Выбрать главу

«Освободите, пожалуй, их от наказания. Но кого тогда защитит его выдающееся положение, коль скоро не помогла и должность префекта Рима? Кого может охранить многочисленность рабов, когда Педания Секунда не охранило их четыреста? Кому рабы подадут помощь, коль скоро они и в виду смертной казни не обращают внимания на наши опасности; Или и в самом деле, как некоторые, не краснея, воображают, тут убийца мстил за свою обиду?.. Пойдем далее и скажем, что нам кажется, что господин убит по праву!»

Не звучат ли доводы эти в ушах читателя свежею новостью? Не будем уже шевелить угрюмой памяти крепостного права и мистических дворянских страхов пред памятью пугачевщины. Нет, подобные голоса не вовсе еще онемели даже и сейчас. Мотивы, которыми Кассий защищал свое мнение, действуют еще и в наше время, при так называемом «военном положении». Увы! Не русскому писателю, пережившему 1905—1910 годы, ужасаться жестокосердием и угрюмою надменностью римского «правого» сенатора! С трибун Государственной Думы и Государственного Совета слыхали мы в эти мрачные годы речи куда свирепее и бестолковее Кассиевой. Если шестнадцать веков официального христианства и целый век проповеди «прав человеческих» не могли помирить массовую служебную нравственность с государственной дисциплиной иначе, как нагайками, виселицей и расстрелом, то по меньшей мере наивно требовать иных мер от государственных и военных людей языческого Рима.
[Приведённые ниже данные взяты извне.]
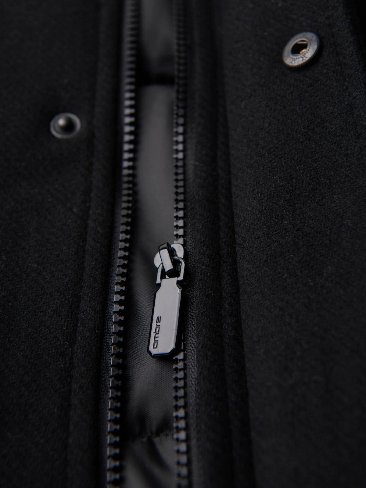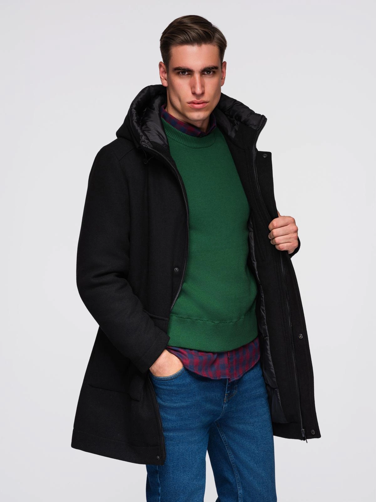 Vyriškas vilnonis paltas su gobtuvu - juodas V1 OM-COWC-0132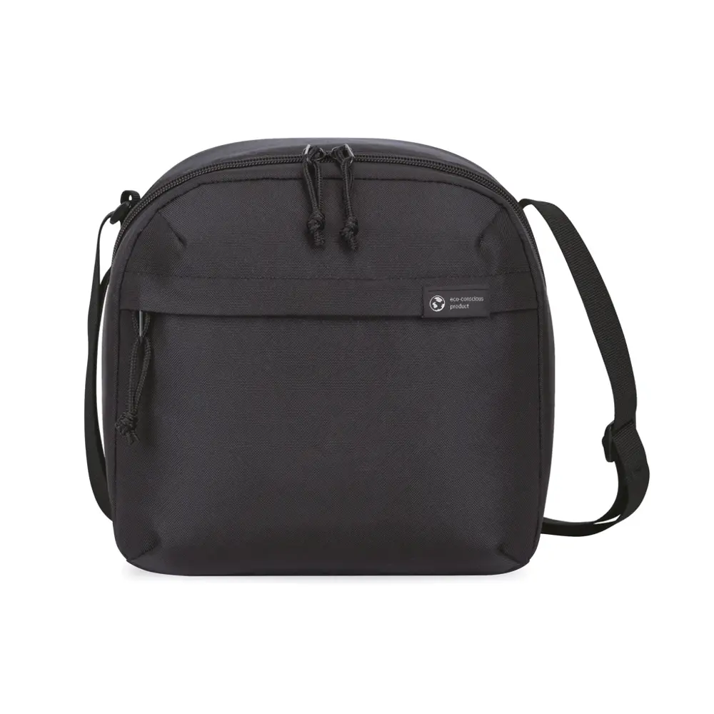 Het voorvak met rits biedt handig opbergruimte voor accessoires, terwijl de dubbele schuine rits toegang geeft tot het geïsoleerde hoofdcompartiment. Perfect voor 9 blikjes of equivalente lunchitems, houdt het uw inhoud koel en vers. De verstelbare schouderriem past zich aan voor links- en rechtshandigen, wat comfortabel dragen garandeert tijdens events of als give-away.

Имеем ли мы нравственное право, в государстве, только что пережившем ужасы карательных экспедиций, возмущаться римским жестокосердием и воображать себя кроткими агнцами, унаследовавшими вселенную от кровожадных тигров?

Многочисленность обреченной на смерть дворни Педания Секунда вызвала в Риме сострадание. В народе началось брожение, близкое к открытому восстанию. Сенатский приговор — очень недружный, хотя оппозиция, подавленная сословным страхом, вела себя трусливо и не выделила ни одного открытого и смелого голоса в защиту несчастных, — едва-едва не был упразднен вмешательством толпы. Нерон поддержал авторитет сената: обуздал волнение строгим эдиктом и окружил место казни военною силою. Но, когда некто Цингоний Варрон, последовательно усердствуя в законе, предложил изгнать из Италии вольноотпущенников Педания Секунда, император воспротивился, говоря, что — если древний закон не мог быть смягчен состраданием, то не дело нового века обострять его изысканною жестокостью. Страшное избиение это осталось, конечно, одним из самых черных пятен на летописи Нероновой эпохи. Что касается роли в нем самого Нерона, то — опять таки — из истории последующих девятнадцати веков христианско—государственной культуры — что-то не припоминаются мне имена государей, которые, в аналогичных случаях, следовали бы за голосами гуманного левого меньшинства, а не творили бы волю свирепого большинства озлобленной и напуганной правой. Любопытно, что к тому же 61 году, когда разыгрались эти ужасы, относится, как думает Лемонье, выгодный для рабов закон — lex Jubia

Petronia — определявший, что, при споре о свободе вольноотпущенника, разделение судейских голосов должно толковаться в пользу свободы. Быть может, закон этот был брошен правительством, как либеральная подачка общественному мнению, чтобы замкнуть рты, слишком громко возмущавшиеся бойней из-за Педания Секунда.